SEOUL -- Samsung Electronics, the world largest producer of microchips and smartphones, warned of a possible crisis next year due to uncertainties caused by a global economic slowdown and a Sino-U.S. trade war and said there would be no crippling impact from a trade war between Seoul and Tokyo just for a while.
After an event in New York to show the company's iconic phablet phone, Samsung's mobile division head Koh Dong-jin told Korean reporters that there would be no disruption in the release of Galaxy Note 10 and foldable phones in the second half because Samsung has stocked parts and materials that can last for up to four months.

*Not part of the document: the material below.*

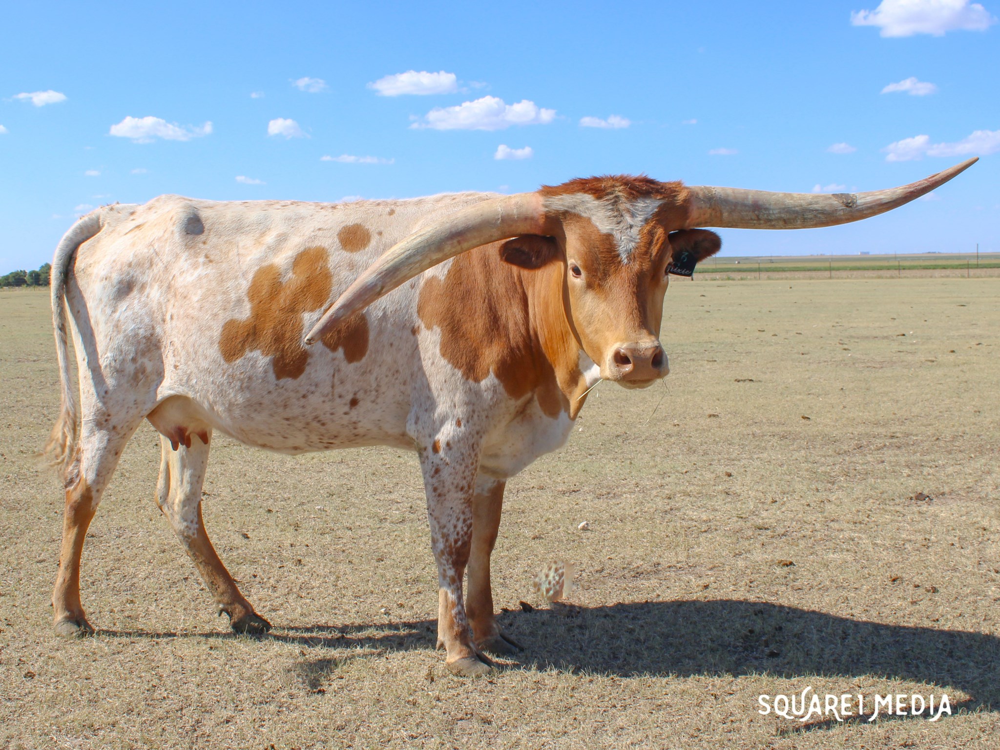 We are thrilled to get a polar opposite in color but FULL SISTER to our Lazy J's Dixie who sold for $50k at the Glendennings 2025 Fiesta Sale. She's stacked with genetics from Fifty Fifty BCB, Cowboy Tuff Chex and her own Sire, Fifty Shades Darker and Dam, M3 Truffle Tuff are both proven producers. She's one to watch. Her half sisters sold at this years Legacy Sale for $15k and $16k and continue to be cash cows at sales. She froze her horn as a young calf but that doesn't effect her genetics or personality, she's so sweet and raises a nice calf.

"If we consider fourth vendor companies, it is difficult to predict what will happen in three to four months," he said, adding Samsung would be affected by a prolonged dispute over Japanese restrictions on exports of photoresists, fluorine polyimide and etching gas used for the production of microchips and displays.
Koh's comment came hours after Japan approved the first export of extreme ultraviolet (EUV) photoresist. Samsung declined to confirm news reports that the green light was for Samsung.
Koh, who took office in 2015, said Samsung may face a crisis next year due to uncertainties over a global economic slowdown and a Sino-U.S. trade war. "It is hard to see a step forward due to a global economic slowdown coupled with the direct and indirect impact of the U.S.-China trade war."
Samsung had prepared for the release of Galaxy Fold featuring a 7.3-inch display which folds into a compact device with a separate 4.6-inch cover display in April to take the upper hand in the world's foldable smartphone market. However, negative assessments from early reviewers and problems found with the folding screen and related mechanism forced Samsung to delay the launch of Galaxy Fold.
"There seems to be a lot of things that I didn't know when I tried to innovate," Koh said, adding Samsung may not achieve its original goal of selling one million foldable phones. This year, it will be released in a limited amount in more than 20 countries, including South Korea, he said.
"I think there must be a demand for foldable phones," Koh said. "It's important to make meaningful innovations in the market, and I don't care much about putting them out before Huawei's foldable phones."
Although the global premium smartphone market is showing a trend of reverse growth, 5G serves as a traction vehicle that can increase demands for premium phones, Koh said. "We hope that Galaxy Note 10, which will be released as 5G, will do well globally."